Mathijsen heeft het in haar artikel vooral over proza, maar als het om poëzie gaat zijn de problemen nog veel groter. In het voetspoor van Schenkeveld (Schen- | |
| |
keveld-van der Dussen 1999: 390: ‘Voor poëzie gelden aparte wetten’) geeft Mathijsen dat eveneens zelf al aan (Mathijsen 2003: 126): ‘Gedichten hebben hun eigen problemen. Moeten metrum en rijm gehandhaafd blijven, dan zal de hertaler zich in allerlei bochten wringen om de oorspronkelijke betekenis te handhaven. Wat dat betreft staat de hertaler in de zelfde positie als de vertaler en moet hij wel geregeld afwijken van het origineel in de letterlijke betekenis en volgorde.’ De bewoordingen (‘in bochten wringen’, ‘afwijken’) verraden al weinig optimisme over het resultaat. Kan poëzie eigenlijk wel ‘hertaald’ worden? Onze eigen ervaringen met Hooft en Huygens zijn misschien niet eens zo ongunstig (Van Strien 1996, Koppenol 2004) - zeker Huygens' ‘toon van straat’ laat zich soms vrij radicaal omzetten zonder dat de sfeer van het origineel verloren gaat, kennelijk omdat het niet op een woord aankomt. Maar het blijven bewerkingen, en wie de auteurs echt wil leren kennen heeft er niet genoeg aan, terwijl anderzijds een Monumentum-achtige turf veel te veel biedt. En internetbestanden zijn prima voor studiedoeleinden maar ongeschikt voor ‘gewone’ lectuur. Trouwens de specifieke problemen van poëzie zijn ook wel in prozateksten te vinden. Wat te denken van de Nederlandse historiën van Hooft? Een klassiek werk, en ook zo bedoeld: ieder woord, iedere zinswending is daar ‘gezocht’; in een kunstwerk bedoeld voor de eeuwigheid. Wie daaraan gaat sleutelen, laat er niets van heel.

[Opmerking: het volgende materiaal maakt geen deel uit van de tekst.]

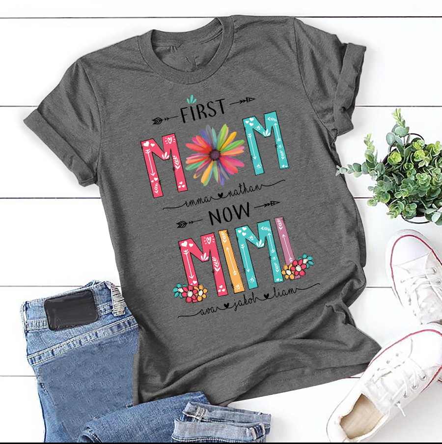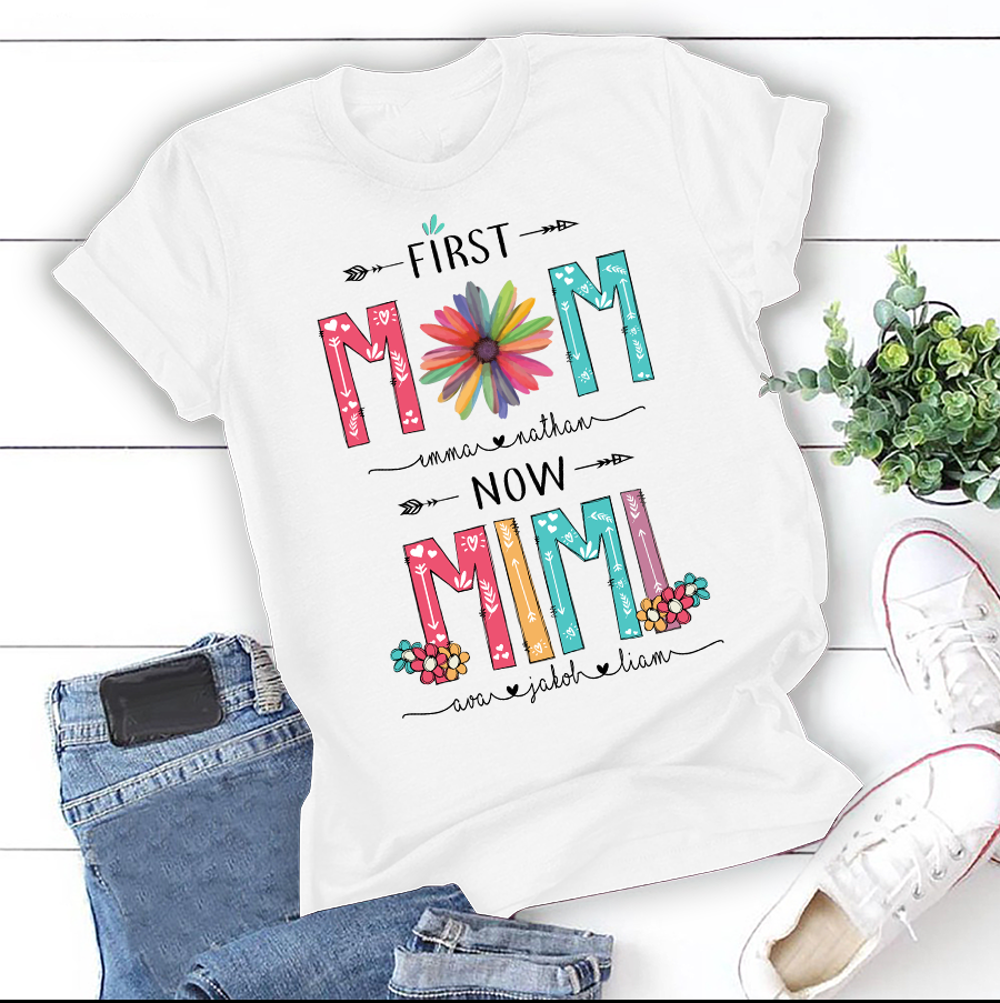 Apayprint -First Mom Now Mimi, Nana, Grandma, Gigi | Personalized T-Shirt, S – 5XL, White Grey Pink Blue Black

In een ‘klassiekenreeks’ met de pretentie de originele teksten aan te bieden, is hertalen volgens ons dan ook ongewenst. De consequenties van herspellen en opnieuw interpungeren daarentegen zijn veel minder groot, terwijl veel teksten daarmee toch zonder meer een stuk toegankelijker worden. Herspellen is volgens ons beslist meer dan ‘slechts een lapmiddel, dat slechts een heel marginaal toegankelijkheidsprobleem oplost’ (Mathijsen 2003: 125). Het kan wel degelijk helderheid scheppen. Natuurlijk geeft ick voor ik geen problemen, maar hoeveel lezers zullen niet de neiging hebben Hoofts boulant te willen lezen als een Frans woord? Herspellen in bouwland scheelt een stuk. Wel is er een grensgebied waar herspellen en hertalen in elkaar overlopen, en waar de editeur volgens ons niet al te angstvallig hoeft te opereren. In het vervolg van dit artikel willen we een en ander demonstreren aan de hand van ons werk aan de editie van Hoofts lyriek, te verschijnen in de Delta-reeks. Ook doen we nog wat nadere suggesties die bij het maken van ‘publieksuitgaven’ van nut kunnen zijn.
| |
3 Herspellen in de praktijk: Hoofts lyriek
De jongste volledige uitgave van de lyrische poëzie van Hooft verscheen nu tien jaar geleden (Tuynman-van der Stroom 1994). Het is een editie naar Hoofts eigen handschriften (en in een enkel geval naar een contemporaine gedrukte bron) en voldoet in dat opzicht ongetwijfeld aan de hoogste eisen van filologische betrouwbaarheid. Ze bevat echter nagenoeg geen commentaar; afgezien van wat daarvan in het deel met aantekeningen en ‘addenda en corrigenda’ geboden wordt; dat betreft echter zelden toelichtingen van inhoudelijke aard. Voor een complete uitgave met commentaar is men dan ook nog steeds aangewezen op deel 1 van de editie Leendertz-Stoett uit 1899. Feitelijk betekent dat dat een leeseditie van ‘de gedichten van Hooft’ tegenwoordig niet voorhanden is. Het spreekt vanzelf dat
| |
| |
de (vrij talrijke) bloemlezingen die na Leenderts-Stoett zijn verschenen (de meest recente in de Griffioen-reeks, 2004) niet in deze lacune voorzien.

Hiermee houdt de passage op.